Multiple Remote Git Branches With Different Local Names
I pounded my head against the wall for a bit when trying to play out this scenario in Git:
- Remote repository has two branches: master and some-long-complex-name
- Locally, I have cloned master
- I have set up my config to refer to the remote master as “origin”
- I have checked out some-long-complex-name using the following:
$ git checkout --track -b simple-name origin/some-long-complex-name
The key thing to note is that my local branch has a different name than the remote branch, i.e., “simple-name” is my local branch that’s tracking the remote branch “some-long-complex-name”. I’ve used pseudo-branch-names in this example, but in practice I like my local branch names to be 3 characters or so such that they’re easy to type, and I like the remote branches to have long names such that there is no ambiguity about what they are.

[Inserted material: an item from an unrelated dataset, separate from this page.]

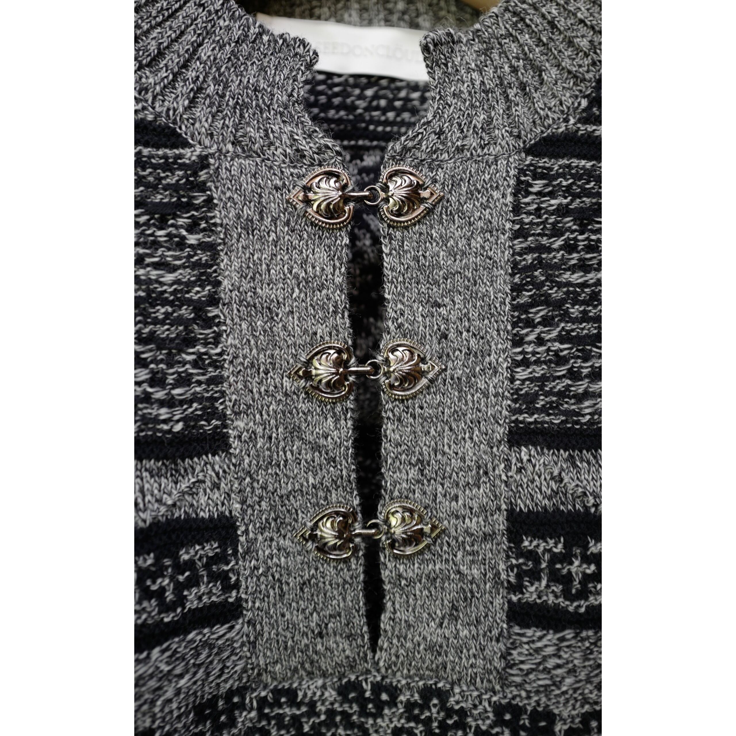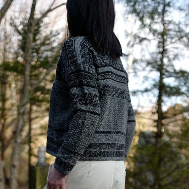 今回のストーリーは、冬に雪山で霧を取集するようなイメージが強かったため例年以上にノルディックニットの要素を足したく、フック状のメタルボタンを使用したり、吹雪いている雪のような伝統柄の「ルース・コスタ」を使用。

My initial .git/config looked like this after the aforementioned checkout command:
[remote "origin"] url = ssh://myserv/srv/git/proj.git fetch = +refs/heads/*:refs/remotes/origin/* [branch "master"] remote = origin merge = refs/heads/master [branch "simple-name"] remote = origin merge = refs/heads/some-long-complex-name
Now, this isn’t too bad. All pull related commands work, but push only works for the master branch. What I wanted was git to push to “some-long-complex-name” whenever I ran “git push” from my local “simple-name” branch.

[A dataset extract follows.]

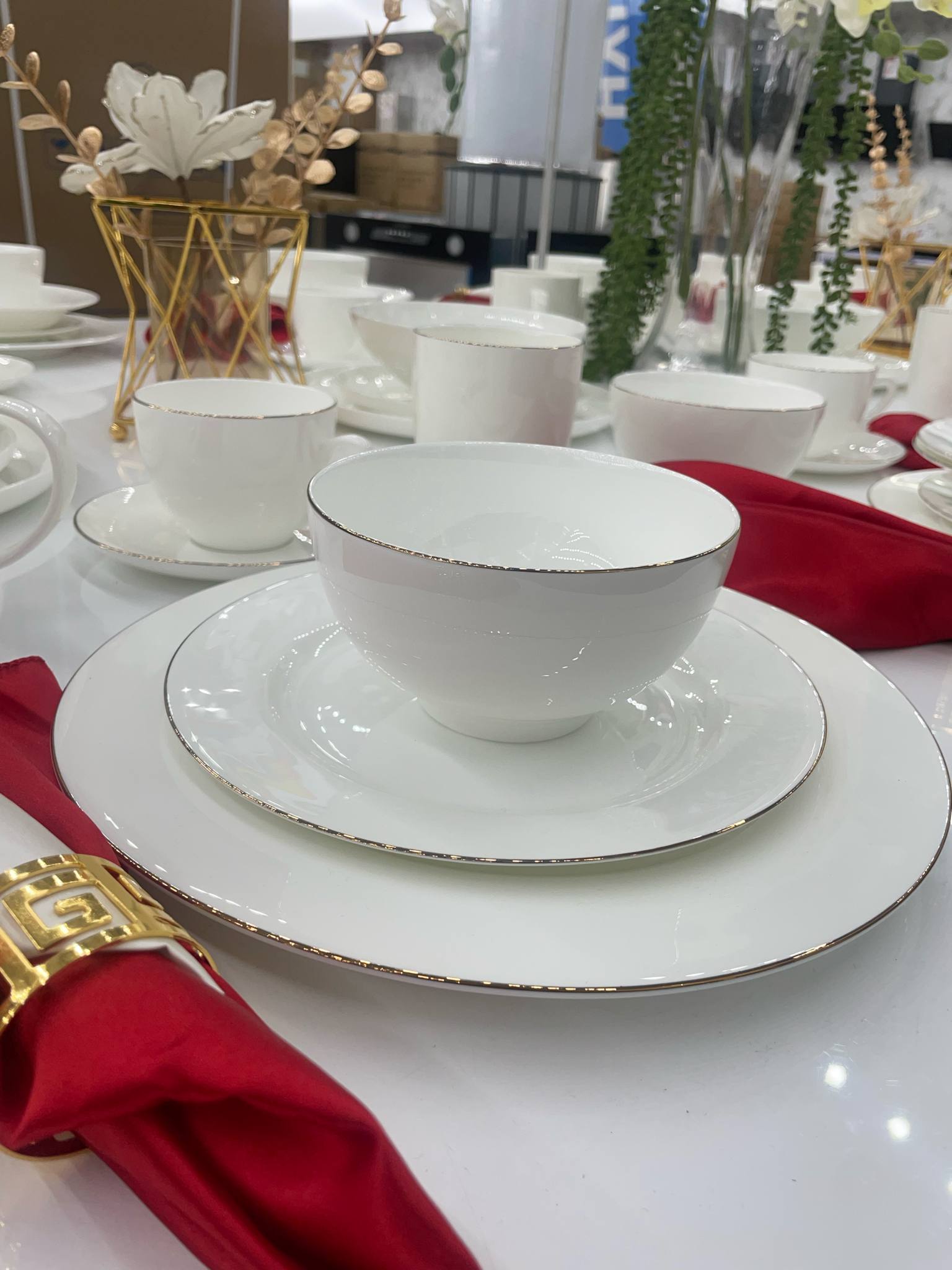 დიდი (სადილის) თეფში ოქროსფერი კანტით

I changed .git/config to look like this:
[remote "origin"] url = ssh://myserv/srv/git/proj.git fetch = +refs/heads/*:refs/remotes/origin/* [branch "master"] remote = origin [remote "simple_origin"] url = ssh://myserv/srv/git/proj.git fetch = +refs/heads/*:refs/remotes/origin/* push = simple-name:some-long-complex-name [branch "simple-name"] remote = simple_origin merge = refs/heads/some-long-complex-name
Note the additional “remote” section and the “push” reference. Now, when I’m in my simple-name branch, I can just type “git push” and this branch will push out to the remote branch names “some-long-complex-name”.
Thanks to those who offered help on the freenode IRC #git channel, namely RandalSchwartz.

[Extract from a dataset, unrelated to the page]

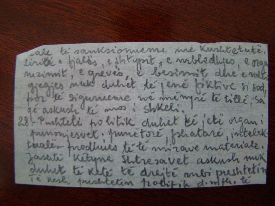Trakti politik i Arbnorit për Partinë Social Demokrate shkruar në letra cigareje dhe nxjerrë fshehurazi nga burgu

October 10th, 2008 at 3:20 pm
Thanks for the tip. I’d actually just about consider it a bug that push doesn’t work that way by default, thus breaking pull/push symmetry.
July 17th, 2009 at 6:30 am
Thanks a lot for this tip. I just spent the last half an hour banging my head over this too.
Btw any reason you created another remote “simple_origin”? I just added that “push =” line to my “origin” itself and it worked.
July 17th, 2009 at 2:16 pm
@Harish, At the time I wrote this I think there was a bug in git that forced me to do that. You are correct though, it is no longer necessary.
September 22nd, 2009 at 6:26 pm
thanks a lot. i was trying to figure out a couple of hours why the tracking branch keeps trying to push the master branch even i am in another local branch… well done!
February 2nd, 2010 at 9:16 am
Dude, thanks! Was searching for quite a while for this! Don’t quite understand why you use simple_origin instead of just putting the push line into the original remote section though? Anyway, great!